Sony has fitted its Vaio F11Z1E with a Core i7-720QM. The 720QM has 1MB Level-2 cache and 6MB Level-3 cache. The TDP lies at 45 Watts. The Clarksfield 45nm CPU has four physical cores, each of which has a clock speed of 1.60 GHz. This sounds like little, but is merely to be understood as the base clock speed. The real clock speed when in operation lies between 1.60 and 2.80 GHz.
The dynamic overclocking is made possible by the Intel Turbo-Boost. Whereby individual cores of the processor are automatically overclocked. The particular running applications determine how many cores should raise their clock speed. Thereby applications should always have the processing power available that are currently required. It should therefore no longer matter whether a program or game is multi-core capable with an Core i7 CPU.
The Hyper-Threading function causes the four physical cores to be multiplied providing an additional four virtual cores. Applications can thus make use of up to eight cores. Depending on the TDP, power supply, and utilization of the cores, the clock speed of the individual cores automatically adapts itself, whereby the maximum clock speed can only be achieved by using a single core. If all the physical cores are used in parallel, then the maximum clock speed is accordingly less.
A total of 8.192 MB DDR RAM stands side by side with the Core i7-720QM. This sits on two Samsung RAM modules. The 64 bit operating system Windows 7 Home Premium 64-bit can handle this large amount of RAM.
Important for an performance orientated desktop replacement such as the Vaio F11Z1E is the interaction between the CPU, graphics card, RAM, and hard drive. This is assessed by PCMark Vantage. A total result of 5.844 points allows recognition of a potent system. Although the score is a little less than similarly configured systems with the same i7-720QM have to offer. An Asus G60J with a GeForce GTX 260M for example achieved 6.199 points. Altogether the difference of approximately 400 points is however marginal.

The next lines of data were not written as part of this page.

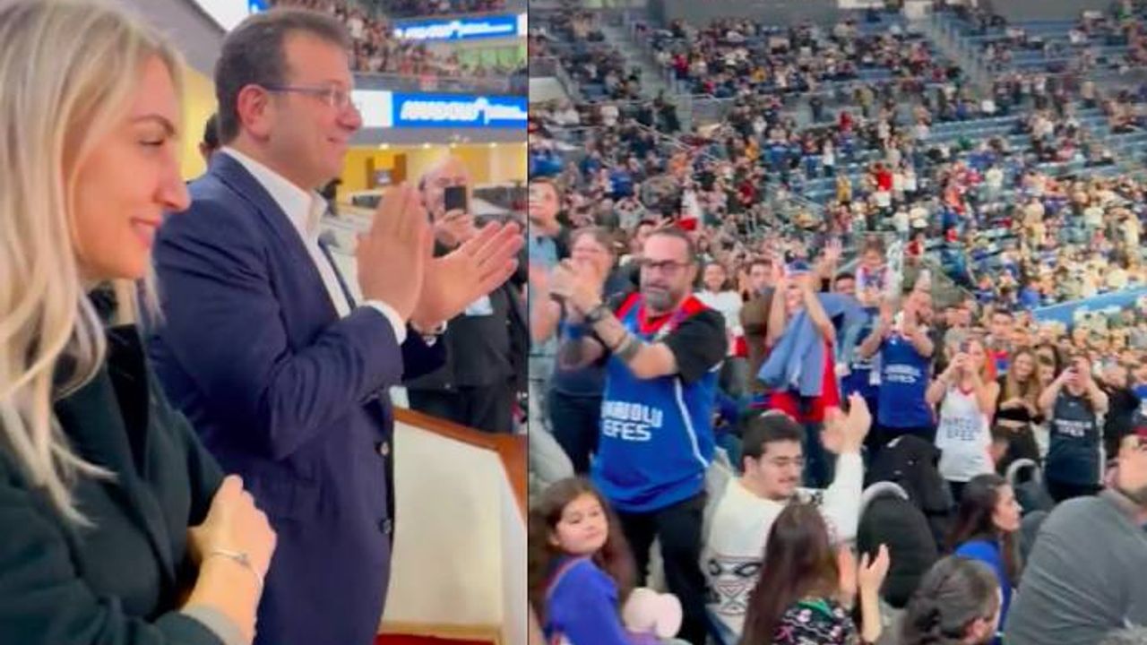 Saraçhane'de vatandaşlarla buluştuktan sonra eşi Dilek İmamoğlu ile birlikte Anadolu Efes-Baskonia karşılaşmasını izlemeye giden Ekrem İmamoğlu burada ayakta alkışlandı.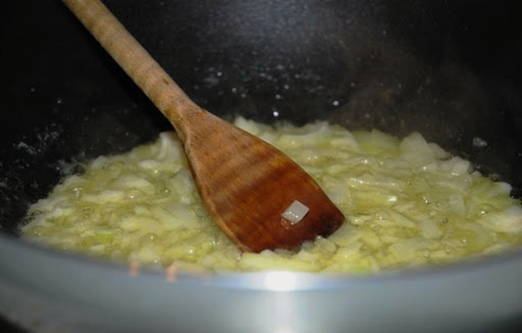 - Schil en ui, snijd in kleine blokjes en bak in olie.
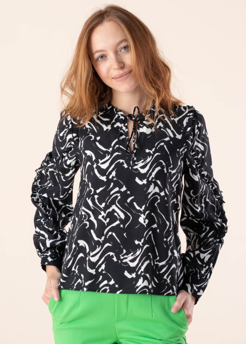 Игривая блуза Vero Moda подходит для стильной женщины. Пёстрая блуза- с круглой горловиной и прямой дизайн. На горловине имеет завязываемый шнурок , выразительности добавляют привлекательный волан , также на концах рукавов- застёжка на пуговицы. Рост модели - 174 см и носит размер S.

Partially responsible for the good PCMark Vantage score is the 500 GB hard drive manufactured by Samsung. The 6.511 3DMarks of the GeForce GTX 260M only have little influence on the PCMark. Even an i7-720QM combination with a GeForce GTX 260M doesn't achieve significantly more points (Asus G60J).
The i7-720QM CPU in the Vaio VPC-F11Z1E offers very good performance. The Turbo-Boost function provides a high performance for any application, regardless of whether or not multiple cores are used. The i7-720QM is faster than its predecessor Core 2 Duo in all multi-core benchmarks - inclusive of the extreme variants. Merely in the single-core benchmarks can a fully utilized Intel T9800 (2.93 GHz) outperform the 720QM (maximum 2.8 GHz). In the Cinebench R10 single test, the 720QM achieves 3.592 points, while the T9800 achieves slightly more with 3.633 points.
We inspected the latencies with the DPC Latency Checker. If these are too high, it can lead to problems when connecting external devices (e.g. audio clicks with external sound cards, or short interruptions of real-time audio). The times for the Vaio F11Z1E are generally below 1.000 µs. Hence there don't appear to be any faulty drivers for internal devices (WLAN adapter, sound card, USB host controller).
|PCMark Vantage Result||5844 points|
|3DMark 2001SE Standard||32183 points|
|3DMark 05 Standard||13293 points|
|3DMark 06 Standard||6511 points|
|3DMark Vantage P Result||2743 points|
In the case of the Vaio VPC-F11Z1E, the processor stands side by side with a 5,400 rpm hard drive by Samsung. The 500 GByte HDD (HM500JI) quickly reads data from the rotating disks at 64.8 MByte/s in sequential read mode. This helps the Vaio F11 to achieve a good system performance. The data transfer speed is a good average value, but by no means optimal compared to other contemporary 2.5 inch notebook hard drives with 5,400 rpm. Optimal values without RAID lie at about 75 MB/s.
The HDD read- and write-heads cannot be heard during operation. For use as an editing studio for videos or animations, a second hard drive combination (RAID 0/1) would have been ideal. But the Vaio F11 simply doesn't have the necessary space for a second hard drive.
The integrated GPU is an Nvidia GeForce GT 330M with 1.024 MB DDR3 RAM. The GPU core has a clock speed of 575 MHz, while the RAM has a clock speed of 790 MHz. The name indicates middle-class graphics, something which game tests and benchmarks confirm. The graphics card benchmark 3DMark2006 achieves a score of 6.511 points. This is almost identical to the result of the Samsung R580 Hawk with the same GPU, but a Core i5-520M CPU. The R580 achieved 6.412 3DMarks.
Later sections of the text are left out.